Prez Mellows hasn't talked in months. Ever since his grandfather "got into a wee spot of bother and had to be taken away" from their apartment in Traquair Gardens, Scotland, Prez has been staying at the Children's Temporary Accommodation. When he's placed in a foster home for the summer with the noisy, talkative Blythe family on Stramoddie Farm, Prez appreciates the routine and chores of farm life after years in a gradually increasing caretaking role for his feisty grandfather, whose Alzheimer's has progressed to the point where he is no longer safe on his own--or as a guardian for a young boy. But Prez worries about his grandfather and doesn't know when he'll see him again.

When Prez answers the doorbell one day--realizing only later that Stramoddie doesn't actually have a doorbell--he discovers an odd boy named Sputnik in a kilt and goggles. Sputnik marches into the house and proceeds to charm everyone in the family, who, it turns out, perceive him as a dog. The fact is, he's an alien on a mission to prove to Planetary Clearance--the organization that "get[s] rid of all the useless old stars and planets to make room for new celestial bodies," also known as "pan-galactic decluttering"--that Earth is not only not mythical, but is worth saving. Between them, Prez and Sputnik have to come up with a list of 10 things on the planet worth seeing or doing, "and then Earth can carry on waltzing around its little sun," as Sputnik says.
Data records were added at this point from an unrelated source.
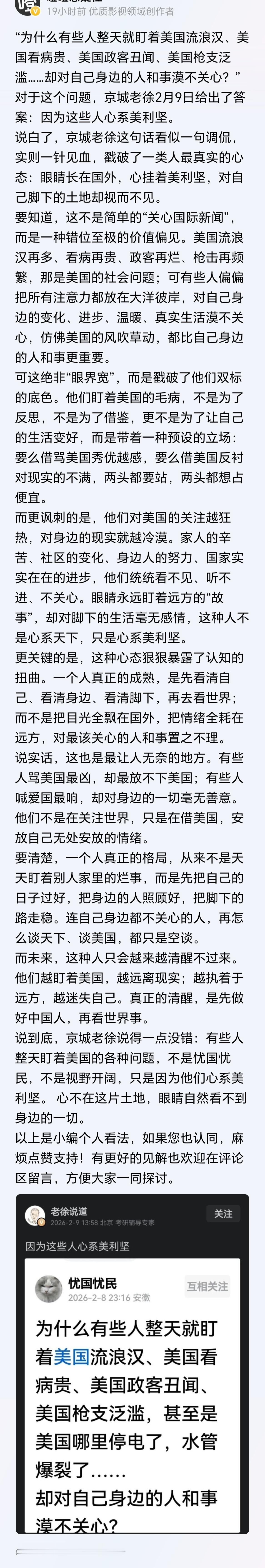 一个精至利己主义者,门面上是要人民关心自己身边的事,实则是:他最害怕别人戳穿美利坚的西洋镜。刺痛他心心念念的美国梦。
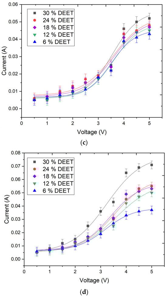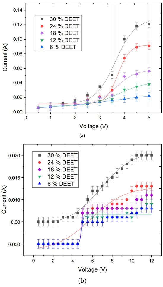 The data obtained as a result of the thermal diffusion of DEET enabled the calculation of the parameters of the electric flux Je (A × m−1), which were caused by direct current action on the material and the formation of a temperature gradient in the material. This effect was formulated in the theories of Peltier and Thompson and allows for the calculation of the thermodynamic parameters of a nonequilibrium system [24]. The values of electric flux (Je) for each material in each application form were calculated and plotted as a function of DEET concentration obtained by thermal diffusion (Figure 6) via these laws and the empirical data obtained. Each data point on the graph represents the value of the DEET concentration obtained by thermal diffusion in the materials at the maximum applied voltage (5.6 and 12.5 V) for each application form considered, containing 6–30 wt% of this repellent.
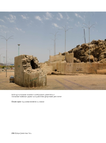 Arafat günü toplanan insanların su ihtiyaçlarını gidermek için Osmanlılar tarafından yapılan su kuyularından geriye kalan yıkık kemer Önceki sayfa: Kuyulardan beslenen su olukları 206 | Evliya Çelebi Hac Yolu
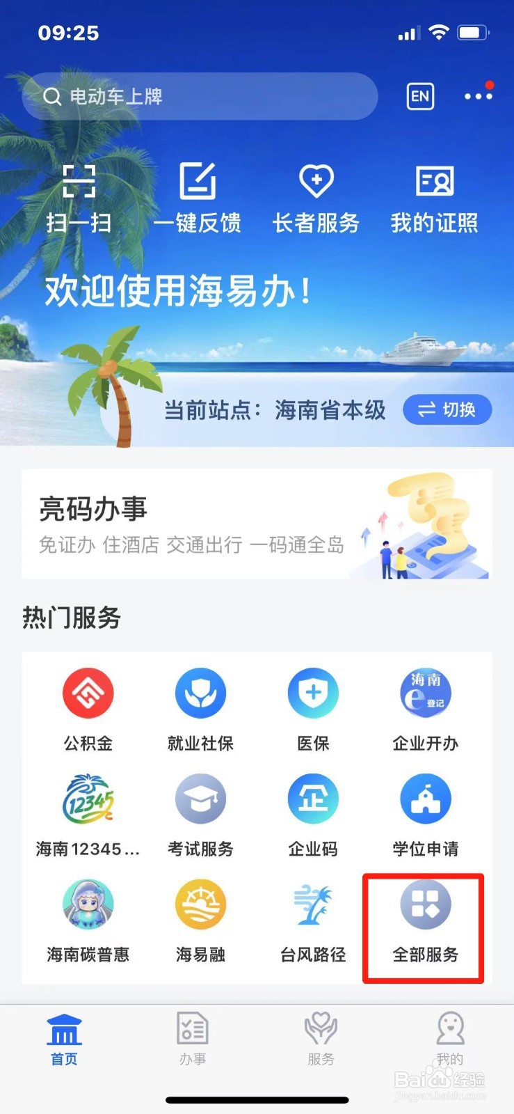 1/3分步阅读第一步:打开【海易办】APP,点击【全部服务】。
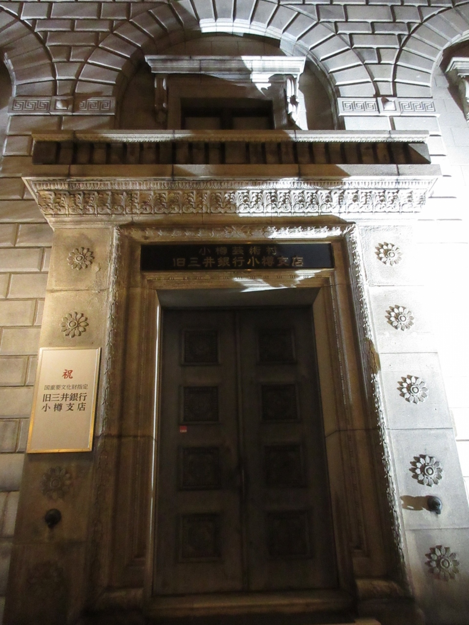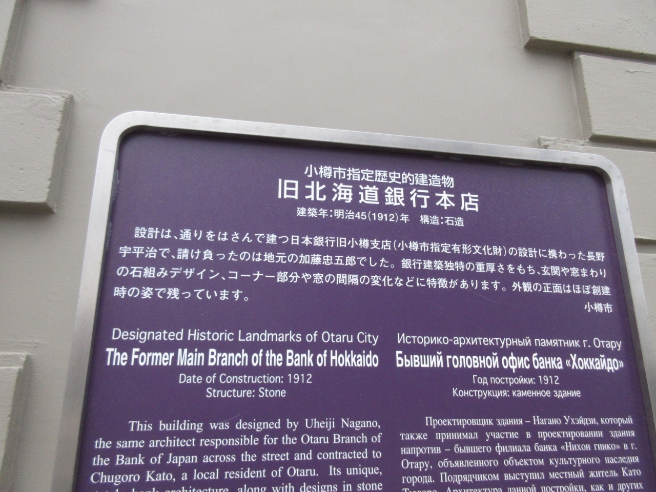 「旧 第一銀行・小樽支店」と同じ設計者のようですが、外観のデザインは大きく異なり、「第一銀行」が重厚で素朴な石造りなのと比べると、こちらは 窓枠、外観に施された紋様など、デザイン性が見られました。
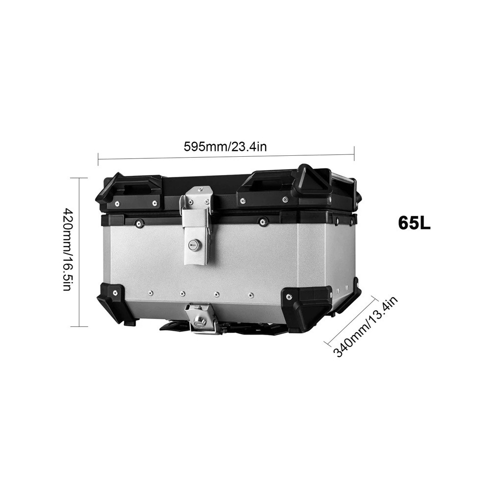 Motocyklový kufr 65L vodotěsný ABS úložný box 34 × 59 × 42 cm rychloupínací zadní kufr na motorku s klíči

Luckily, Sputnik can read Prez's mind, so there's no need for Prez to start speaking just because he's on a world-saving agenda, and no need for anyone else to discover that Sputnik is not a dog.

Readers who grew up with Daniel Pinkwater's Lizard Music, The Snarkout Boys and the Avocado of Death and other madcap novels will be thrilled to share with a new generation Frank Cottrell Boyce's tremendously funny and poignant Sputnik's Guide to Life on Earth. Boyce (The Astounding Broccoli Boy; Chitty Chitty Bang Bang Flies Again; Framed; Millions) has an imagination that soars, paired with a profound empathy for the inner, sometimes bewildered, life of a child who is rarely given all the information. Prez's heartbreakingly tender relationship with his grandfather provides a steady undercurrent to the wild wave of adventures he and Sputnik surf as they search for Earth's top 10 greatest hits. And with his blustery, reckless guilelessness about planet Earth ("Cows are meat with milk in the middle?") and his insistence at every turn that people never read the instructions properly, Sputnik is an intergalactic protagonist for the ages. Sometimes, apparently, it takes an alien to remind people just where--and what--home really is: "Planets shrink. Suns explode. Planets come and planets go. Home isn't a place on a map. Home isn't the place you come from. It's the place you're heading to. All the times you've ever felt at home--they're just marks on the map, helping you find your way there." --Emilie Coulter, freelance writer and editor

Shelf Talker: On a mission to save Earth from pan-galactic declutterers, an alien named Sputnik and a silent, lonely boy named Prez make a list of the 10 best things about the planet.